> **TASK BRIEF**:
Write out every entry, unchanged. Skip any picture.

Collected data entries
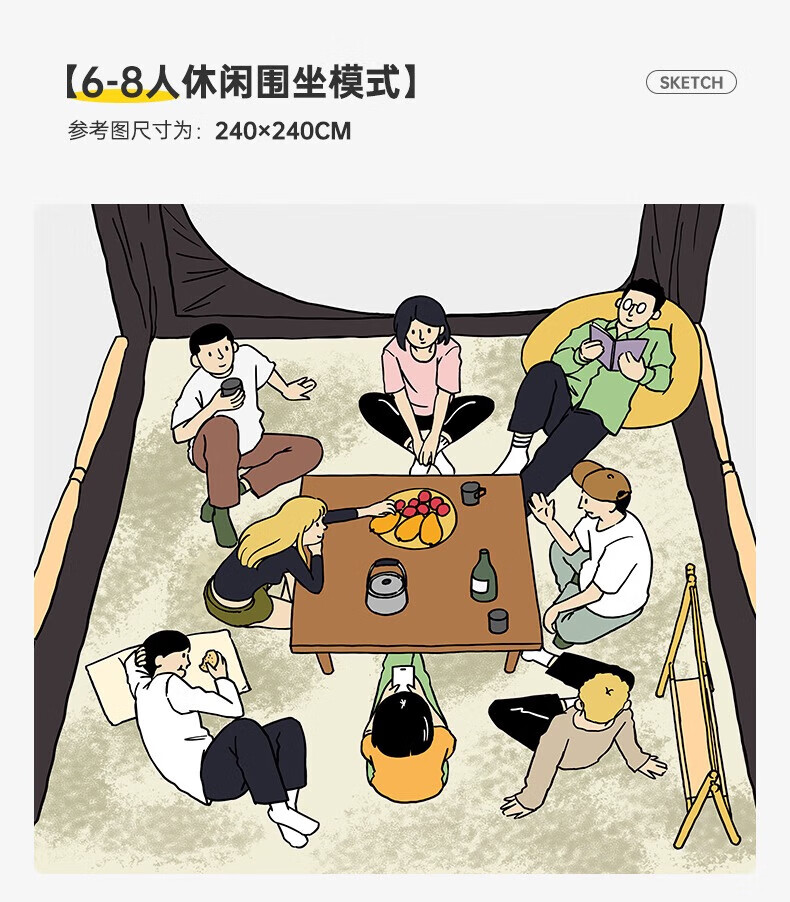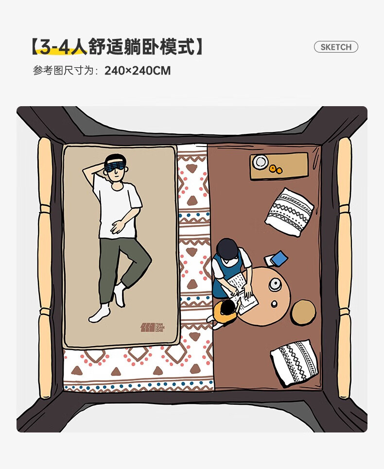 户外帐篷颜值相当高,宽敞度大,透风度都不错,又购买了爬爬垫面料厚实舒适很赞,^_^孩子们要睡在帐篷里,推荐购买👍
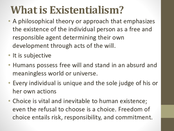 - Existence Precedes Essence: Individuals are not born with a predetermined purpose. Instead, people create their meaning through their actions and choices.
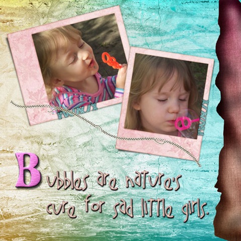 The page on the left is of my nieces blowing bubbles. The page on the right is of my DH and the dog when DH was sick. The Kit used for both pages is the Treasures To Scrap Treasure Chest for January.
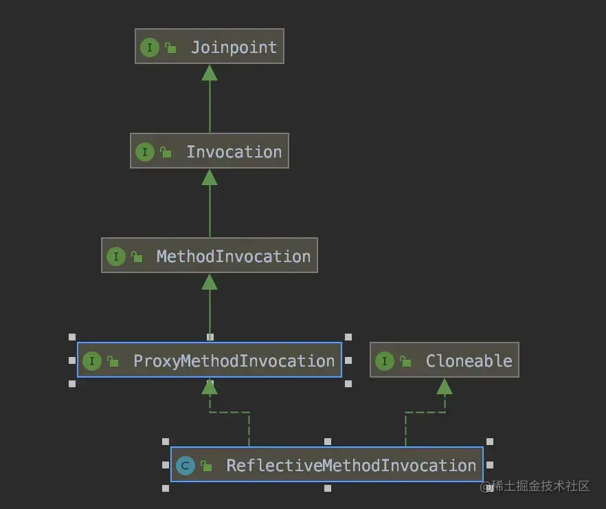 目标对象:ReflectiveMethodInvocation,在JdkDynamicAopProxy invoke方法中创建,是JoinPiont的一个实现。
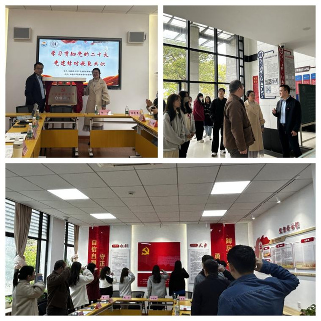 共建仪式上,观看了565net必赢客户端视频介绍,双方支部书记分别介绍了各自党支部的基本情况、工作特色以及共建后的工作思路。党支部党员代表唐安琪、李梓昭和唐崇策以“学习贯彻党的二十大,争做优秀青年党员”为主题进行了学习分享。会上,上海电机学院外国语学院团总支书记余志鹏结合学生活动和理论学习,与党员同志进行了交流沟通,提出要结合学校学院特色,积极打造党团联动品牌,进一步创新学生主题教育形式,加强对学生思想价值引领。共建仪式上,机制学生党支部书记毕杨意,外国语学院第四党支部书记朱丹代表双方支部进行了学生支部共建揭牌。最后,全体党员郑重在党旗下重温入党誓词。
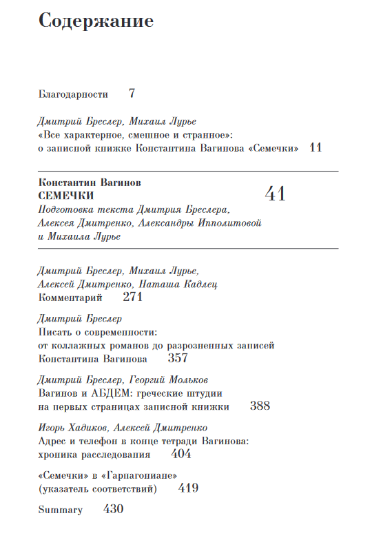 Константин Вагинов (1899–1934) — один из наиболее самобытных писателей 1920-х — начала 1930-х годов, издавший четыре поэтических сборника и написавший четыре романа. Он был вхож в разные поэтические и интеллектуальные круги: в объединение «Звучащая раковина» Н. С. Гумилева, в «Кольцо поэтов им. К. К. Фофанова», в круг М. А. Кузмина и М. М. Бахтина, в переводческий кружок АБДЕМ и объединение ОБЭРИУ. В архиве писателя есть объемная тетрадь, бо́льшая часть которой, озаглавленная «Семечки», отведена под записи, отображающие повседневный опыт его взаимодействия с речевой и текстуальной средой. Язык городской улицы, трамвайные разговоры, услышанные в очередях анекдоты перемежаются на страницах тетради с цитатами из афиш, объявлений и книг, отобранными с отчетливым пристрастием к фиксациям устной речи. «Семечки», хотя они и не задумывались как самостоятельное произведение, наделены очевидной творческой прагматикой: именно здесь наиболее радикально и последовательно разработана поэтическая проблематика и литературная техника, важные для Вагинова в начале 1930-х: крайние формы сочетаемости дискурсов и стилей, включение живой речи в литературное произведение, приемы коллажного повествования. Несмотря на то что тетрадь давно известна исследователям творчества Константина Вагинова, она опубликована лишь фрагментарно. В настоящем издании впервые дается полная публикация записной книжки Константина Вагинова, сопровожденная рядом статей, комментарием и иллюстрациями.

> **OUTPUT FOR THIS TASK**:
 户外帐篷颜值相当高,宽敞度大,透风度都不错,又购买了爬爬垫面料厚实舒适很赞,^_^孩子们要睡在帐篷里,推荐购买👍
 - Existence Precedes Essence: Individuals are not born with a predetermined purpose. Instead, people create their meaning through their actions and choices.
 The page on the left is of my nieces blowing bubbles. The page on the right is of my DH and the dog when DH was sick. The Kit used for both pages is the Treasures To Scrap Treasure Chest for January.
 目标对象:ReflectiveMethodInvocation,在JdkDynamicAopProxy invoke方法中创建,是JoinPiont的一个实现。
 共建仪式上,观看了565net必赢客户端视频介绍,双方支部书记分别介绍了各自党支部的基本情况、工作特色以及共建后的工作思路。党支部党员代表唐安琪、李梓昭和唐崇策以“学习贯彻党的二十大,争做优秀青年党员”为主题进行了学习分享。会上,上海电机学院外国语学院团总支书记余志鹏结合学生活动和理论学习,与党员同志进行了交流沟通,提出要结合学校学院特色,积极打造党团联动品牌,进一步创新学生主题教育形式,加强对学生思想价值引领。共建仪式上,机制学生党支部书记毕杨意,外国语学院第四党支部书记朱丹代表双方支部进行了学生支部共建揭牌。最后,全体党员郑重在党旗下重温入党誓词。
 Константин Вагинов (1899–1934) — один из наиболее самобытных писателей 1920-х — начала 1930-х годов, издавший четыре поэтических сборника и написавший четыре романа. Он был вхож в разные поэтические и интеллектуальные круги: в объединение «Звучащая раковина» Н. С. Гумилева, в «Кольцо поэтов им. К. К. Фофанова», в круг М. А. Кузмина и М. М. Бахтина, в переводческий кружок АБДЕМ и объединение ОБЭРИУ. В архиве писателя есть объемная тетрадь, бо́льшая часть которой, озаглавленная «Семечки», отведена под записи, отображающие повседневный опыт его взаимодействия с речевой и текстуальной средой. Язык городской улицы, трамвайные разговоры, услышанные в очередях анекдоты перемежаются на страницах тетради с цитатами из афиш, объявлений и книг, отобранными с отчетливым пристрастием к фиксациям устной речи. «Семечки», хотя они и не задумывались как самостоятельное произведение, наделены очевидной творческой прагматикой: именно здесь наиболее радикально и последовательно разработана поэтическая проблематика и литературная техника, важные для Вагинова в начале 1930-х: крайние формы сочетаемости дискурсов и стилей, включение живой речи в литературное произведение, приемы коллажного повествования. Несмотря на то что тетрадь давно известна исследователям творчества Константина Вагинова, она опубликована лишь фрагментарно. В настоящем издании впервые дается полная публикация записной книжки Константина Вагинова, сопровожденная рядом статей, комментарием и иллюстрациями.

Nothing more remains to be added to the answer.